**Dataset records**.
○ ○ ○ ○ ○

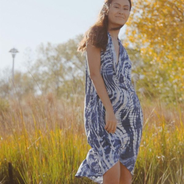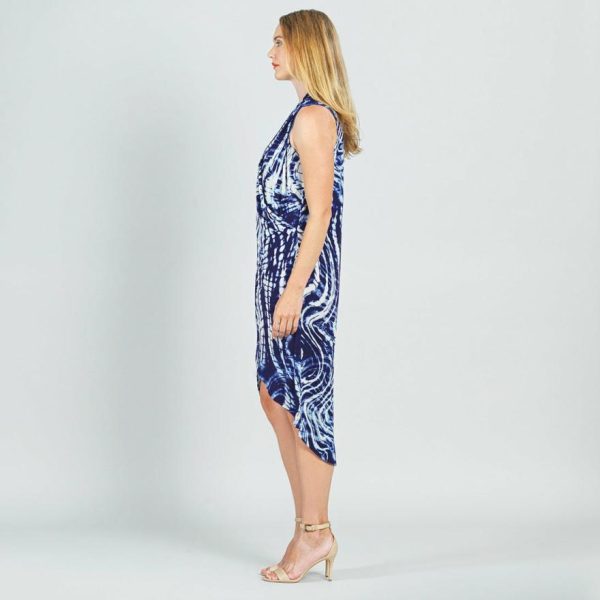 Discover our exquisite Swirl Wave Crepe Knit Crossover Tulip Hem Dress, designed to make a stunning impression. This sleeveless dress showcases an elegant crossover surplice neckline that drapes beautifully against your figure, accentuating your natural curves while flowing into a gracefully draped tulip hemline.
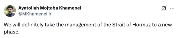 Control. Mojtaba Khamenei (if it is really him talking) said Iran would bring management of the strait into a "new stage" during those talks. He also said Iran would seek compensation for damage from the war and called the country the "definite victor."
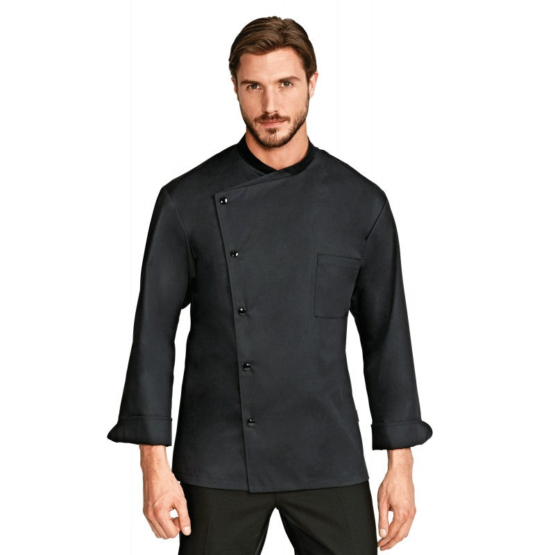 Veste de cuisine homme. Fermeture par boutons-pression. Œillets d'aération sous les bras. Longueur 72 cm. 65 % polyester, 35 % coton. Manches longues.
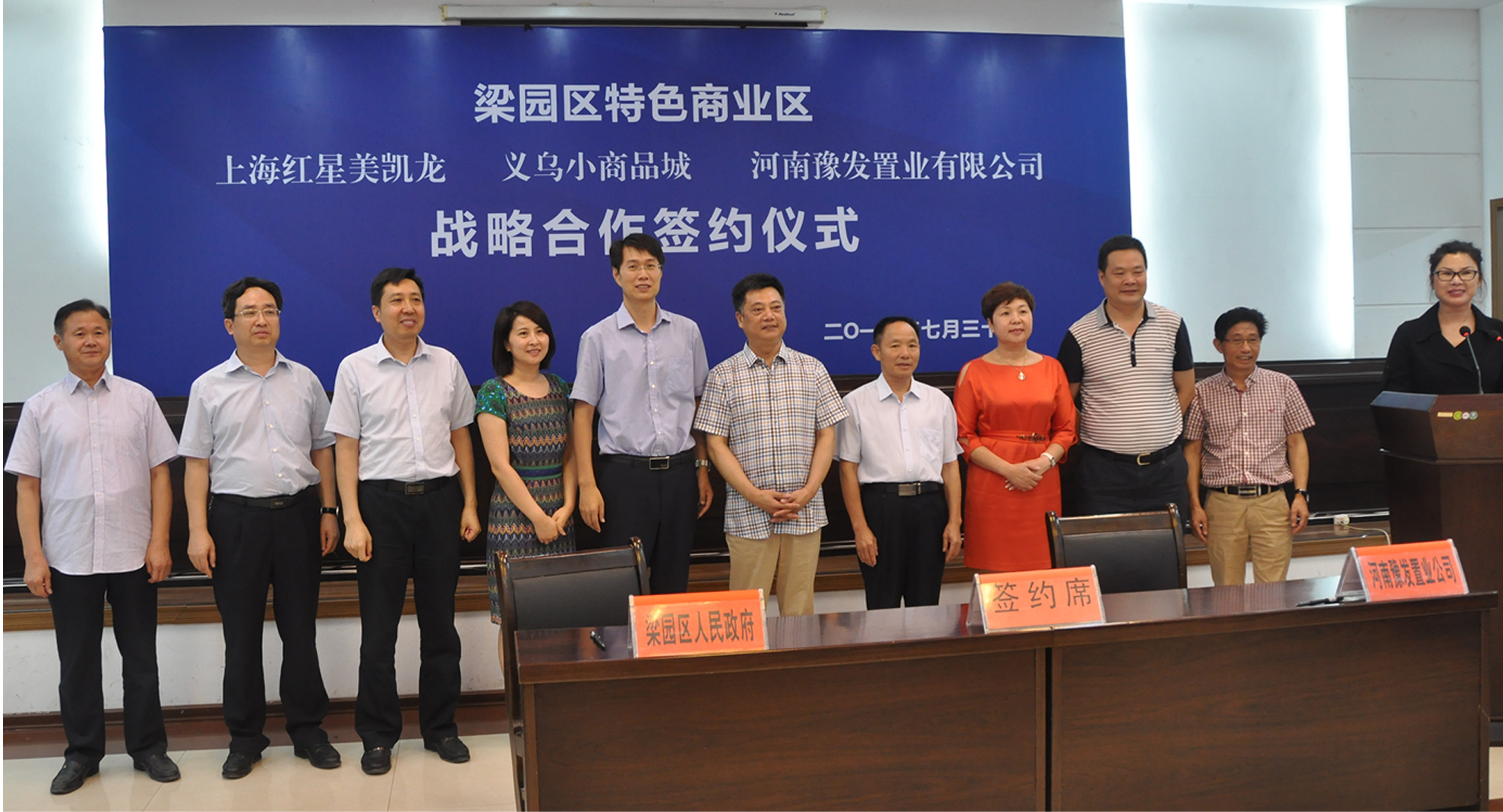 7月30日,豫发集团“商丘锦荣电子商务港项目”战略合作签约仪式在商丘市梁园区行政中心成功举行,商丘市人民政府副市长张弛、梁园区四大班子领导和有关局委负责人出席了签约仪式。公司商丘项目经理梁学立及行政管理中心、投融资中心相关负责人参加了签约仪式。
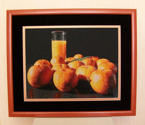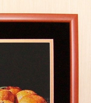 Оформление: черный металлический кант по внутреннему краю, темно-вишневое бархатное паспарту, темно-коричневый багет. Стоимость 1060 р, в Плинии старшем заказывала, салон Вышиваюшка.
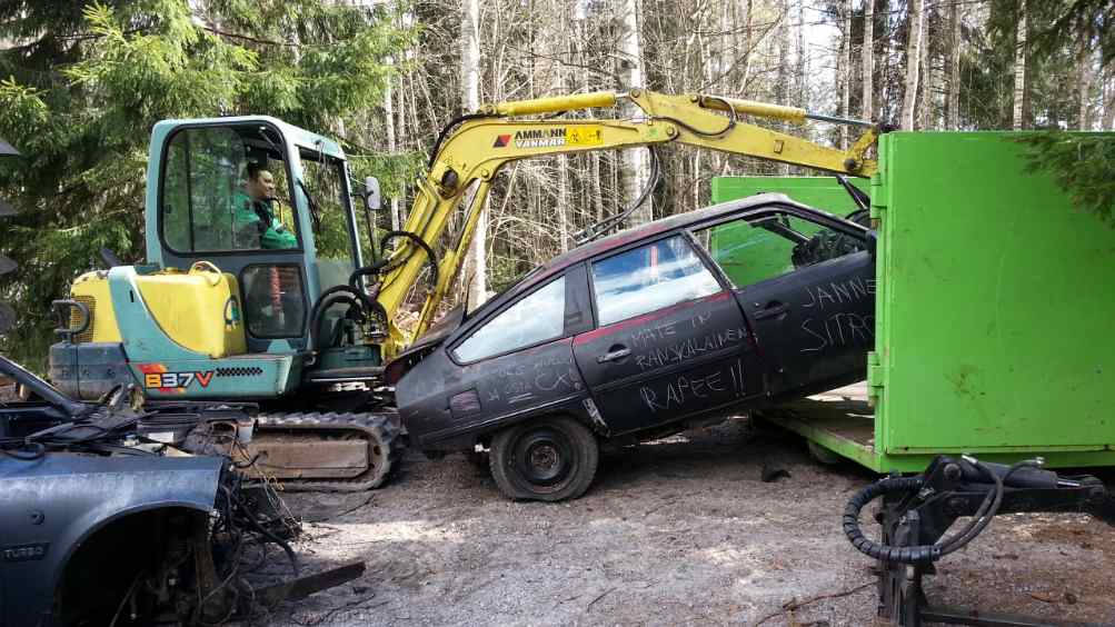 Dsharrastelija kirjoitti: Pari kuvaa otin muistoksi minäkin, liituCx kaivurin syleilyssä ja "paketissa" lavalla viimeisellä matkallaan. Tuota pakettia lavalla katsoessa voisi todeta Simo Salmista mukaillen " ja se auto oli jo ihan paska" (Alle lujaa)
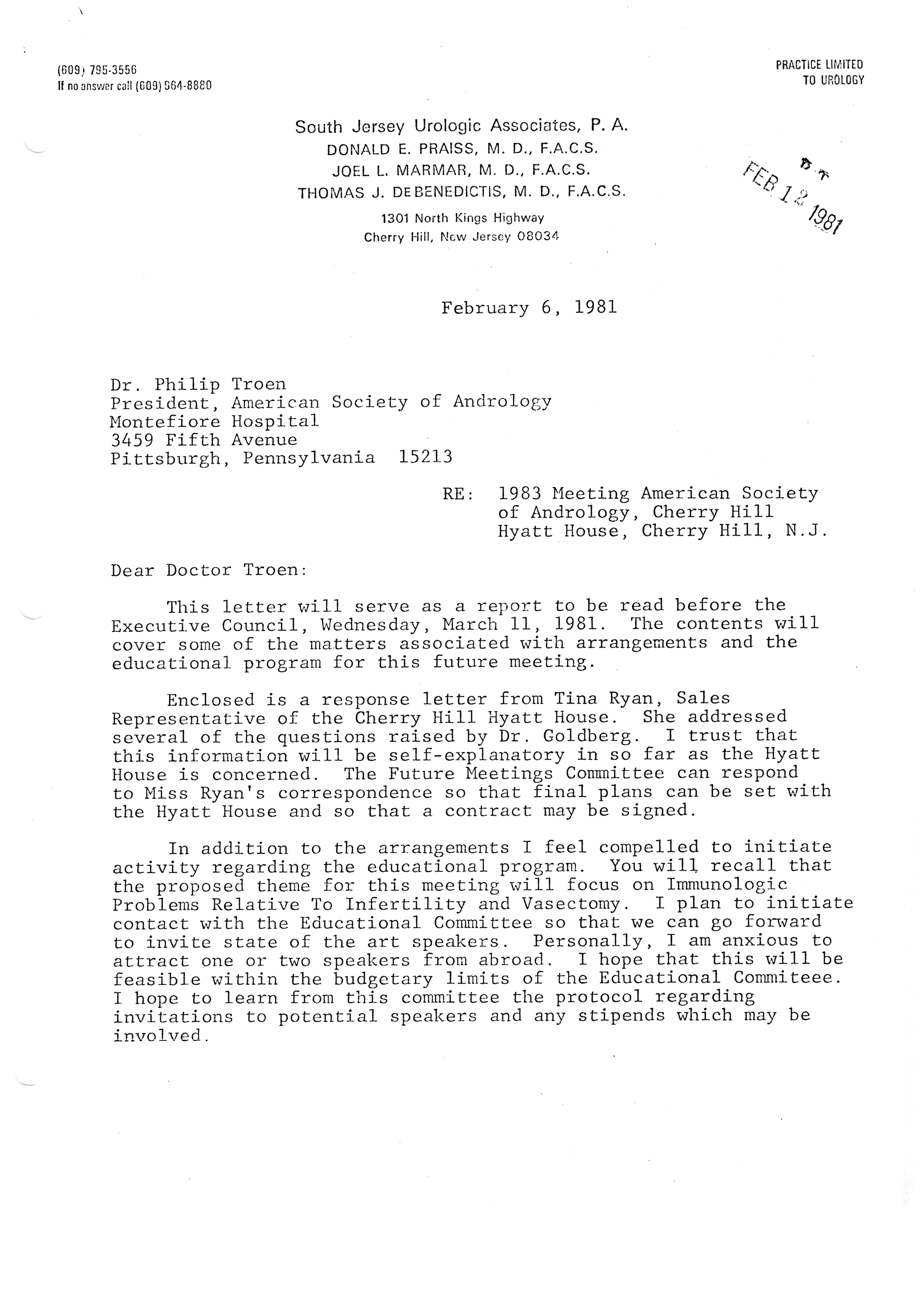 - Executive Council Meetings of the American Society of Andrology, 1981
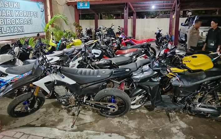 Tim 1 dipimpin Kanit Lantas Polsek Mariso Iptu Aswan melaksanakan patroli sekitar Jalan Rajawali dan mengamankan 4 (empat) Unit kendaraan roda dua dengan pelanggaran lalulintas dua diantaranya menggunakan knalpot brong dan dua kendaraan lainnya yang tidak dilengkapi dengan surat surat.
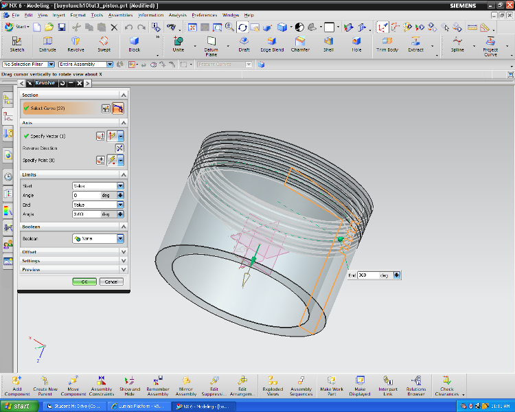 I then rotate this sketch around the center datum axis and rotate it a full 360 degrees to unite the beginning to the end. This makes the solid piston shown.
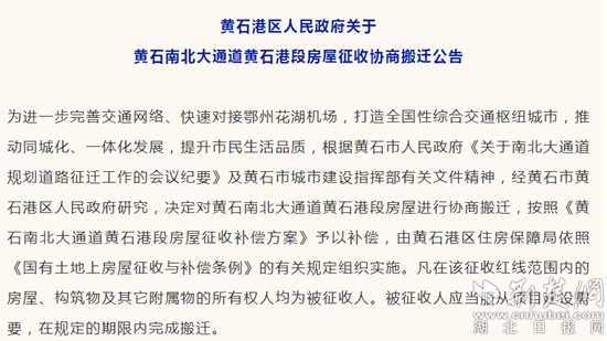 協(xié)商搬遷公告。來源:黃石發(fā)布

○ ○ ○ ○ ○

**Assigned task**. Your answer should be every entry repeated exactly, minus the pictures.

**Written answer**.
 Discover our exquisite Swirl Wave Crepe Knit Crossover Tulip Hem Dress, designed to make a stunning impression. This sleeveless dress showcases an elegant crossover surplice neckline that drapes beautifully against your figure, accentuating your natural curves while flowing into a gracefully draped tulip hemline.
 Control. Mojtaba Khamenei (if it is really him talking) said Iran would bring management of the strait into a "new stage" during those talks. He also said Iran would seek compensation for damage from the war and called the country the "definite victor."
 Veste de cuisine homme. Fermeture par boutons-pression. Œillets d'aération sous les bras. Longueur 72 cm. 65 % polyester, 35 % coton. Manches longues.
 7月30日,豫发集团“商丘锦荣电子商务港项目”战略合作签约仪式在商丘市梁园区行政中心成功举行,商丘市人民政府副市长张弛、梁园区四大班子领导和有关局委负责人出席了签约仪式。公司商丘项目经理梁学立及行政管理中心、投融资中心相关负责人参加了签约仪式。
 Оформление: черный металлический кант по внутреннему краю, темно-вишневое бархатное паспарту, темно-коричневый багет. Стоимость 1060 р, в Плинии старшем заказывала, салон Вышиваюшка.
 Dsharrastelija kirjoitti: Pari kuvaa otin muistoksi minäkin, liituCx kaivurin syleilyssä ja "paketissa" lavalla viimeisellä matkallaan. Tuota pakettia lavalla katsoessa voisi todeta Simo Salmista mukaillen " ja se auto oli jo ihan paska" (Alle lujaa)
 - Executive Council Meetings of the American Society of Andrology, 1981
 Tim 1 dipimpin Kanit Lantas Polsek Mariso Iptu Aswan melaksanakan patroli sekitar Jalan Rajawali dan mengamankan 4 (empat) Unit kendaraan roda dua dengan pelanggaran lalulintas dua diantaranya menggunakan knalpot brong dan dua kendaraan lainnya yang tidak dilengkapi dengan surat surat.
 I then rotate this sketch around the center datum axis and rotate it a full 360 degrees to unite the beginning to the end. This makes the solid piston shown.
 協(xié)商搬遷公告。來源:黃石發(fā)布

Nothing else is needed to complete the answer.